/---
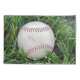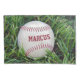 Um close-up de baseball em grama verde com um nome personalizado. O nome é editável ou pode ser excluído.
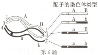 6.D 解析:图中染色体为同源染色体,发生了互换,属于基因重组,可能会使子代出现变异,A正确,D错误;互换发生在形成配子的过程中,即减数第一次分裂前期,B正确;互换发生在同源染色体的非姐妹染色单体之间,C正确。
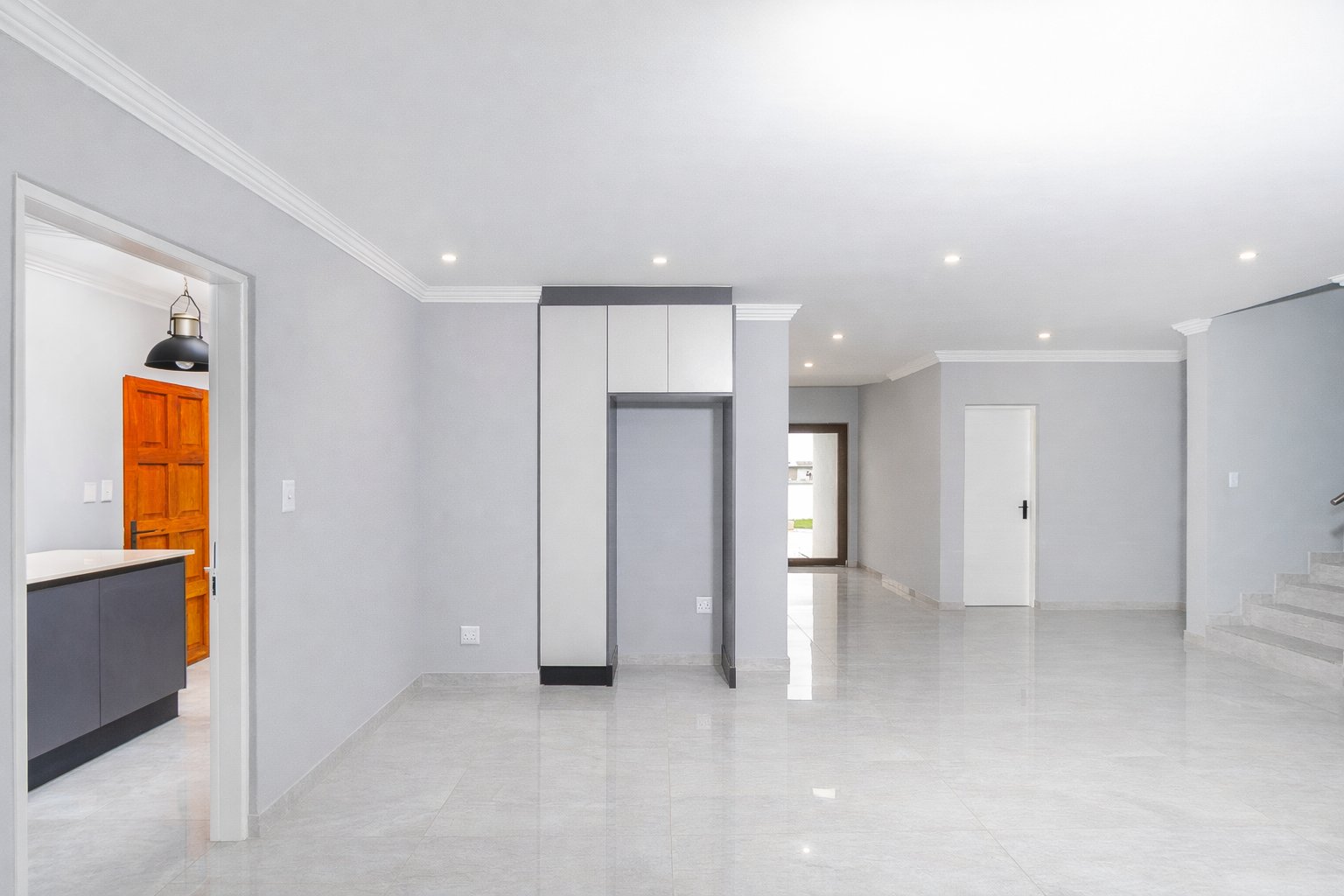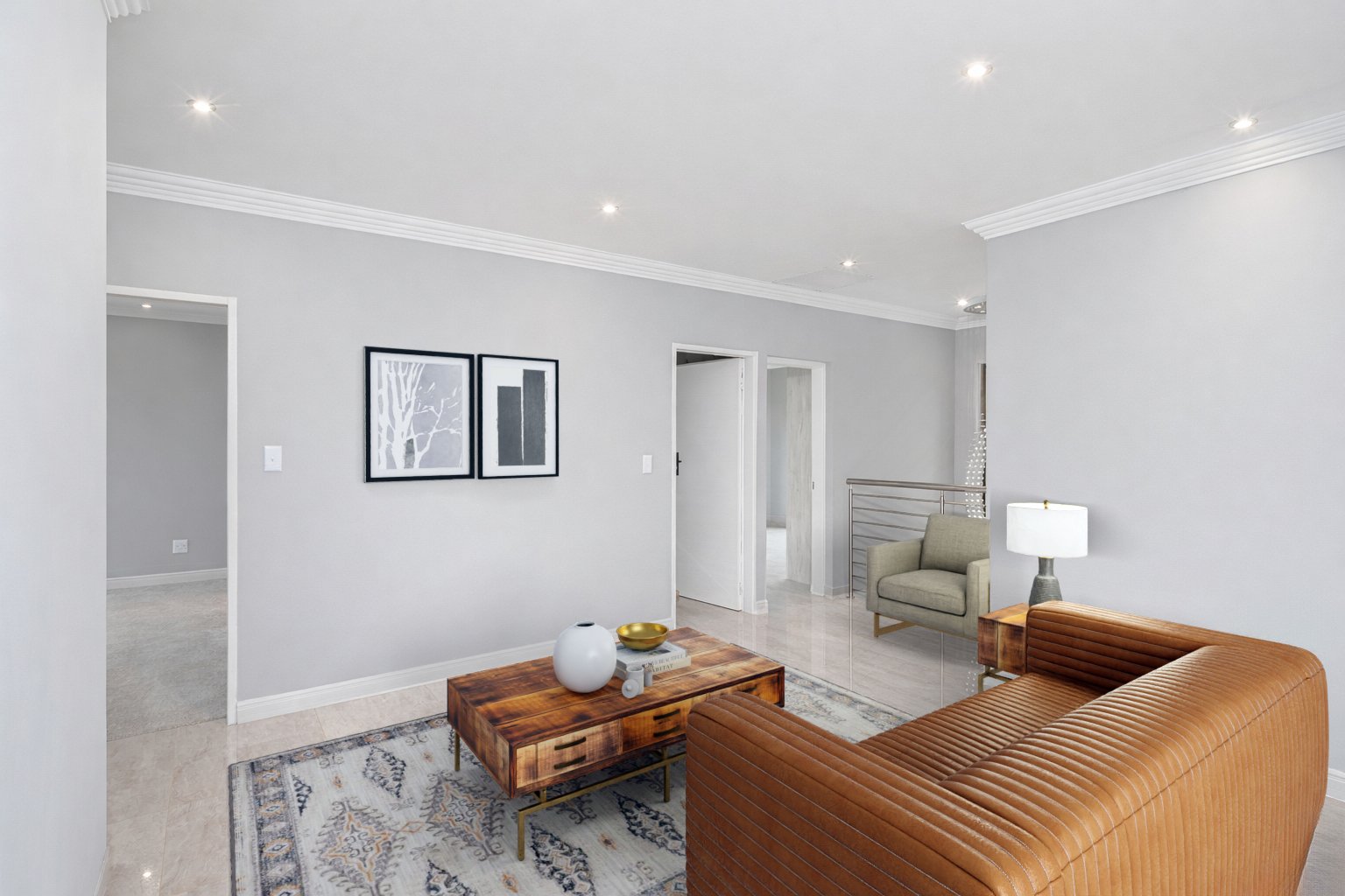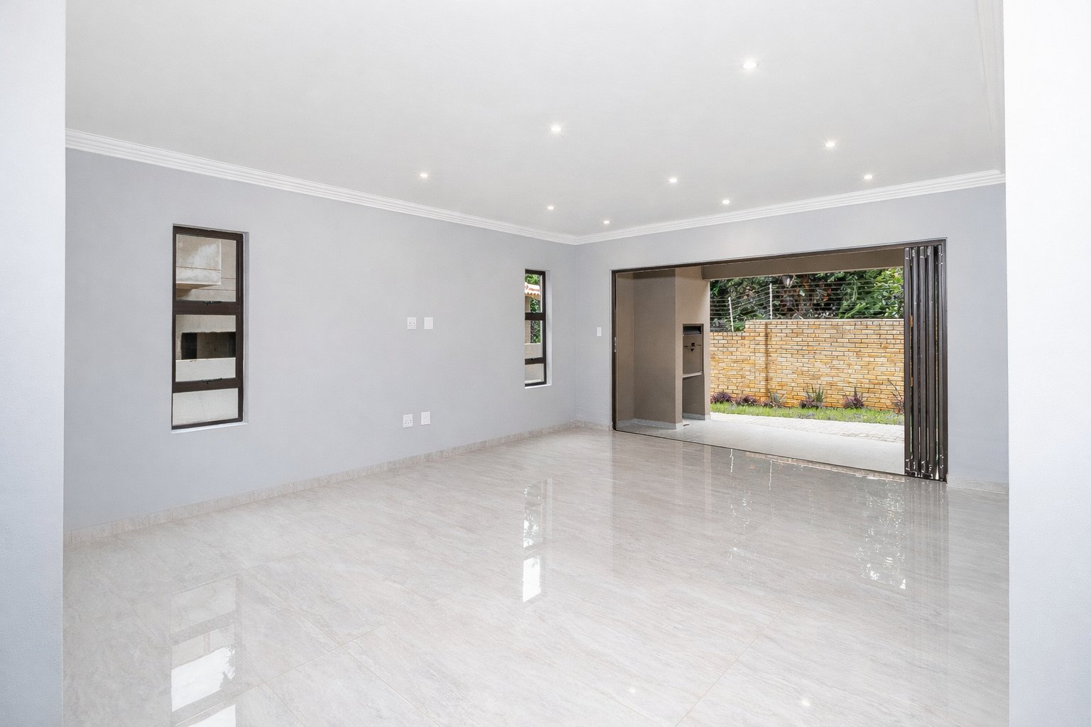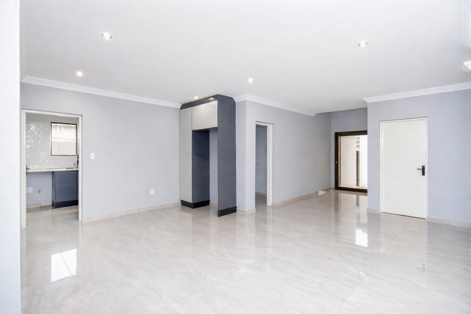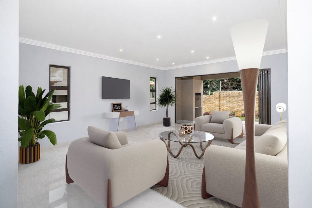 This newly built, digitally staged modern home in the sought-after Ruimsig Country Estate offers refined living with generous proportions and elegant finishes throughout. A welcoming entrance hall leads into an open-plan living space featuring seamless, high-gloss tiling that flows consistently through the home.
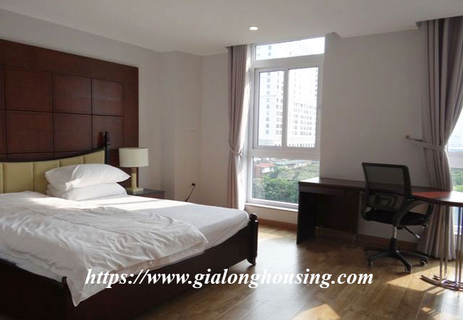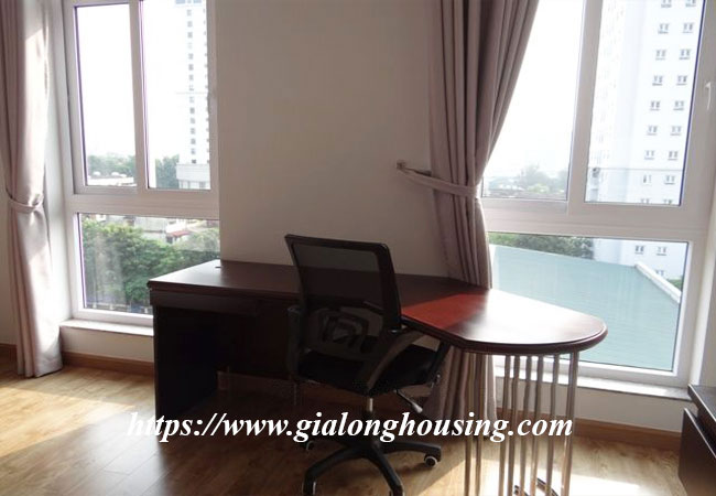 The small and cozy apartment is located in Dong Da district. The total area is 50 sq m with 01 bedroom and 01 bathroom. The building provides you full services: cable TV, wireless internet, tap water. The location is good , easy traffic to city center. Please contact us to visit it soon.
\---
What is required:
Could you print the data exactly as it appears and keep the pictures out?

Solution:
 Um close-up de baseball em grama verde com um nome personalizado. O nome é editável ou pode ser excluído.
 6.D 解析:图中染色体为同源染色体,发生了互换,属于基因重组,可能会使子代出现变异,A正确,D错误;互换发生在形成配子的过程中,即减数第一次分裂前期,B正确;互换发生在同源染色体的非姐妹染色单体之间,C正确。
 This newly built, digitally staged modern home in the sought-after Ruimsig Country Estate offers refined living with generous proportions and elegant finishes throughout. A welcoming entrance hall leads into an open-plan living space featuring seamless, high-gloss tiling that flows consistently through the home.
 The small and cozy apartment is located in Dong Da district. The total area is 50 sq m with 01 bedroom and 01 bathroom. The building provides you full services: cable TV, wireless internet, tap water. The location is good , easy traffic to city center. Please contact us to visit it soon.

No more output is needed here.